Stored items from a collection

----

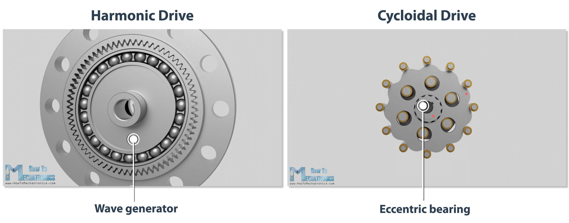 Real quick, both the harmonic and the cycloidal drive are unique type of gearboxes, or speed reducers that provide very high reduction ratio with compact but robust design. Their working principle is kind of similar, where their input shaft, drives a non-regular shape part, a wave generator in case of the harmonic drive, and an eccentric bearing in the case of the cycloidal drive.
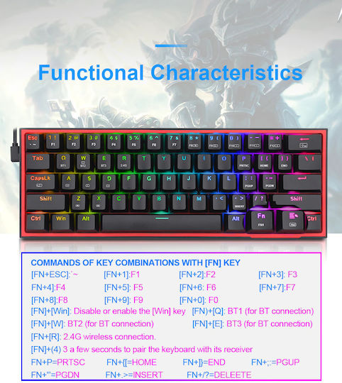 Gaming πληκτρολόγιο της εταιρείας Redragon με RGB φωτιζόμενα πλήκτρα σε γλώσσα αγγλικά US. Είναι μηχανικό, καθιστώντας το ιδανικό για gamers όπως επίσης και για όσους επιθυμούν γρήγορη πληκτρολόγηση. Έχει γρήγορη απόκριση και ακρίβεια, καθώς οι διακόπτες του ενεργοποιούνται στα μισά του πατήματος, εξοικονομώντας κινήσεις όταν πληκτρολογούμε.
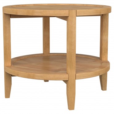 Encourage a warm, welcoming ambiance with the choice of a modern farmhouse end table. Its round profile is crisp and familiar, while offering movement and flowing energy. The table is crafted in rubberwood for optimal quality and received a warm maple finish that's stylish without overwhelming surrounding decor. A slight tray effect adds depth the tabletop and lower shelf, creating another touch of texture and dimension. The table is designed with a full lower shelf, offering a perfect spot for a personalized display of books or other decor.
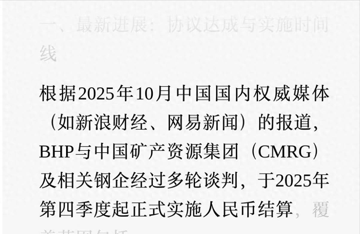 澳大利亚总理也出来表态了,虽然语气温和,但明显带有不满:“对这个变化感到失望”。然而,现实比情绪更有说服力。短短七天后,10月初,必和必拓终于改变立场,与中国达成协议,同意一部分铁矿石用人民币结算。
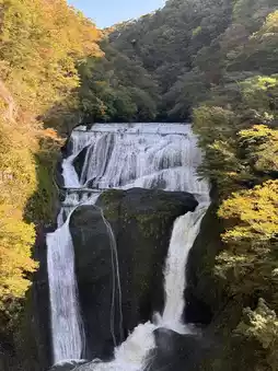 From the first observation deck, you can enjoy the impressive waterfall, and from the second observation deck, you can enjoy the spectacular combination of the waterfall and the red and yellow autumn leaves.

----

The records above, minus their pictures, are to be returned verbatim.

Final answer:
 Real quick, both the harmonic and the cycloidal drive are unique type of gearboxes, or speed reducers that provide very high reduction ratio with compact but robust design. Their working principle is kind of similar, where their input shaft, drives a non-regular shape part, a wave generator in case of the harmonic drive, and an eccentric bearing in the case of the cycloidal drive.
 Gaming πληκτρολόγιο της εταιρείας Redragon με RGB φωτιζόμενα πλήκτρα σε γλώσσα αγγλικά US. Είναι μηχανικό, καθιστώντας το ιδανικό για gamers όπως επίσης και για όσους επιθυμούν γρήγορη πληκτρολόγηση. Έχει γρήγορη απόκριση και ακρίβεια, καθώς οι διακόπτες του ενεργοποιούνται στα μισά του πατήματος, εξοικονομώντας κινήσεις όταν πληκτρολογούμε.
 Encourage a warm, welcoming ambiance with the choice of a modern farmhouse end table. Its round profile is crisp and familiar, while offering movement and flowing energy. The table is crafted in rubberwood for optimal quality and received a warm maple finish that's stylish without overwhelming surrounding decor. A slight tray effect adds depth the tabletop and lower shelf, creating another touch of texture and dimension. The table is designed with a full lower shelf, offering a perfect spot for a personalized display of books or other decor.
 澳大利亚总理也出来表态了,虽然语气温和,但明显带有不满:“对这个变化感到失望”。然而,现实比情绪更有说服力。短短七天后,10月初,必和必拓终于改变立场,与中国达成协议,同意一部分铁矿石用人民币结算。
 From the first observation deck, you can enjoy the impressive waterfall, and from the second observation deck, you can enjoy the spectacular combination of the waterfall and the red and yellow autumn leaves.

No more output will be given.